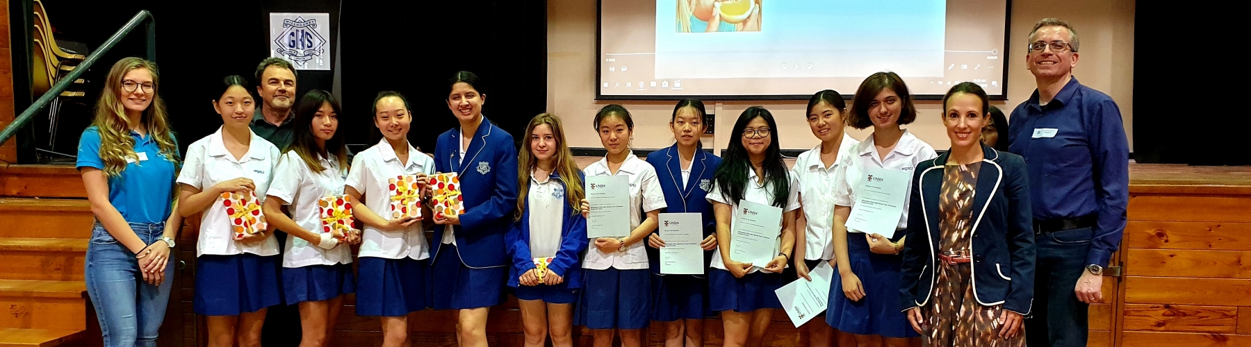 In the month to follow the first day of the event, the students planned and conducted scientific investigations, presenting their findings to their class. The Science teachers then selected one group from each class who were to present their project at the second day of the event. UNSW academics, along with Willoughby Girls High School Science teachers formed the judging panel and selected the top two teams. The winning team received a UNSW certificate signed by the Dean along with a book prize and second place team also received a certificate.
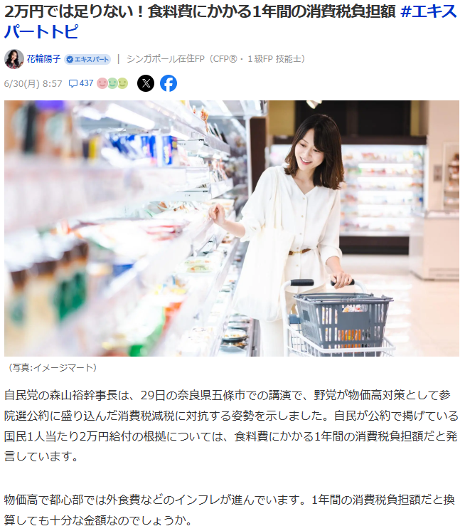 日本自民党干事长森山裕29日在奈良县五条市的演讲中表示,在野党将对抗作为物价上涨对策加入参议院选举公约的消费税减税。关于自民党在公约中提出的国民每人支付2万日元的根据,他说这是食品费所需的1年消费税负担额。
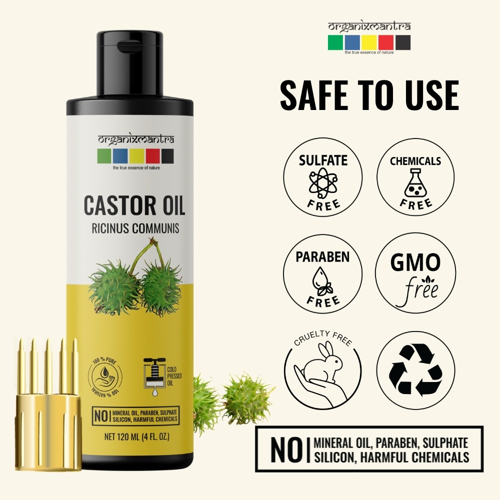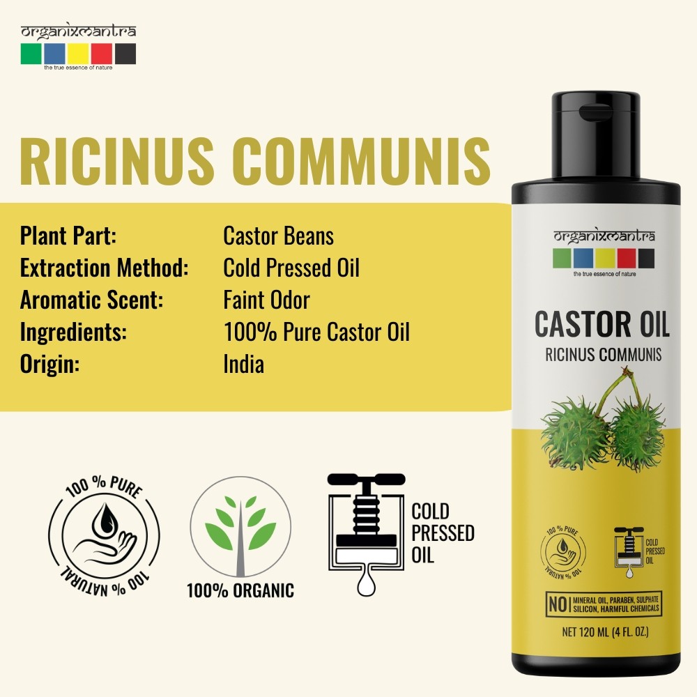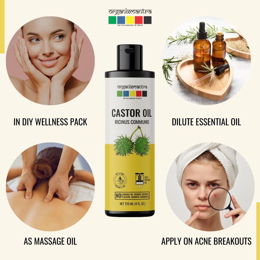 Organix Mantra 100% Pure, Cold-pressed and Therapeutic Grade Castor Oil is odorless and colorless and can be used directly on the skin or hair after mixing another Carrier Oil such as Coconut or Sweet Almond Oil. This Carrier Oil has a wide array of cosmetic benefits for hair, body, and skin. Since it is non-comedogenic and naturally humectant it can be used on all skin types- dry, oily, acne-prone, sensitive, and combination as it deeply hydrates the skin without clogging. The anti-inflammatory properties of Castor Oil make it a go-to oil for soothing inflamed skin due to acne breakouts. Applying the Oil on sunburns hastens the healing process. Massaging your body or face with this oil enhances the softness and smoothness of the skin.
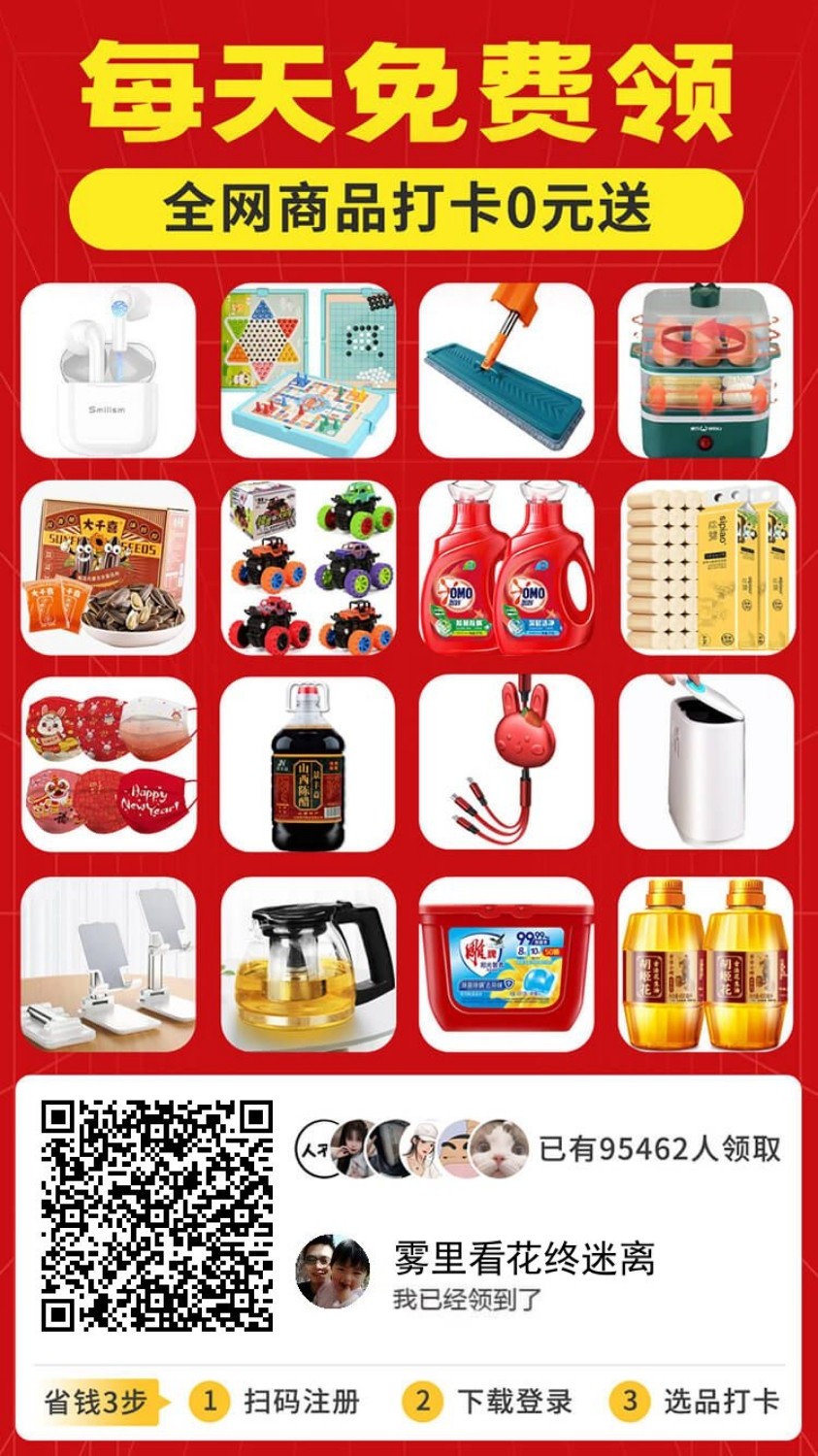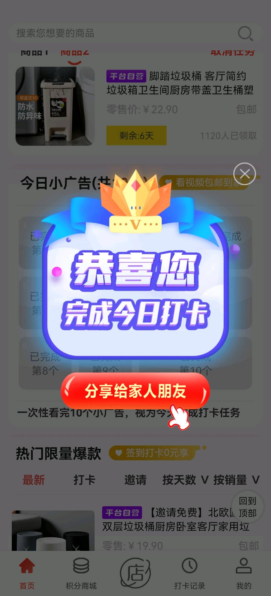 首页领取心意打卡商品,每天花两分钟打卡看下小广告,完成天数,包邮到家不花一分钱!领到一个商品后,还可以继续领商品继续打卡!
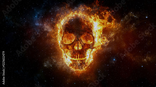 Burning Skull in Cosmic Inferno: A fiery skull engulfed in flames against a backdrop of nebulae and stars. A breathtaking cosmic horror scene.
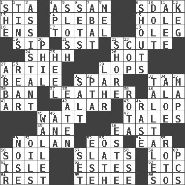 ACROSS 1. R.R. building 4. Indian state 9. Neighbor of Neb. 13. Part of HMS, perhaps 14. First-year military academy student 15. Opening into or through something 16. Followers of ems 17. Add up to 18. Cassini of fashion 19. Small drink 21. Fast jet (abbr.) 22. Snake scale 24. Quiet! 26. Being at a high temperature 27. Nick name for Arthur 29. Chops off 30. Calif. Air Force Base 31. Coast Guard woman 33. Scottish cap 36. Bar 37. Cordwainer's material 40. Wing 41. Nonscientific branch of learning 42. Having or resembling wings 43. Fourth or lowest deck 45. Electrical Unit 47. Falsehoods 48. One (Scot) 49. 90 degrees 50. Pitcher Ryan 52. Greek goddess of the dawn 54. Ewer handle 56. Land 57. Narrow boards 59. Trim (branches) 61. Capri or Wight 62. _____ Park, CO 63. And so on (abbr.) 64. Repose 65. Giggle 66. Distress signal DOWN 1. A female animal or person 2. Canisters 3. Helper 4. Fitting 5. Splash clumsily 6. Puts into a specified state 7. Blind as ____ 8. Cartoonist voice _ Blanc 9. Yells 10. Stupid person 11. Toward shelter 12. Cask 20. Silvers or Donahue 22. Dinah or Pauly 23. Police officer (slang) 25. The bottom of a shoe or boot 27. Swedish rock group 28. Buttocks 29. Cowardly lion portrayer 31. Table seasoning 32. Parent Teacher Association (abbr.) 33. Baron Munchausen's specialties 34. Medicinal plant 35. Atlas contents 38. Ingested 39. Roll call or roster of names 44. To erase 45. Place for singles 46. Santa ___, CA 49. First name in cosmetics 50. Olfactory organ 51. Lubricates 52. Otherwise 53. Pledge 55. Printing process, for short 56. Title for a knight 57. Arrange properly for use 58. Compass dir. 60. Personal Computers (abbr.)
★ ★ ★ ★ ★ ★ ★
Only the lines from the beginning of the listing up to and including the line with "日本自民党干事长森山裕29日" should appear in the reply, copied word for word and free of pictures.

 In the month to follow the first day of the event, the students planned and conducted scientific investigations, presenting their findings to their class. The Science teachers then selected one group from each class who were to present their project at the second day of the event. UNSW academics, along with Willoughby Girls High School Science teachers formed the judging panel and selected the top two teams. The winning team received a UNSW certificate signed by the Dean along with a book prize and second place team also received a certificate.
 日本自民党干事长森山裕29日在奈良县五条市的演讲中表示,在野党将对抗作为物价上涨对策加入参议院选举公约的消费税减税。关于自民党在公约中提出的国民每人支付2万日元的根据,他说这是食品费所需的1年消费税负担额。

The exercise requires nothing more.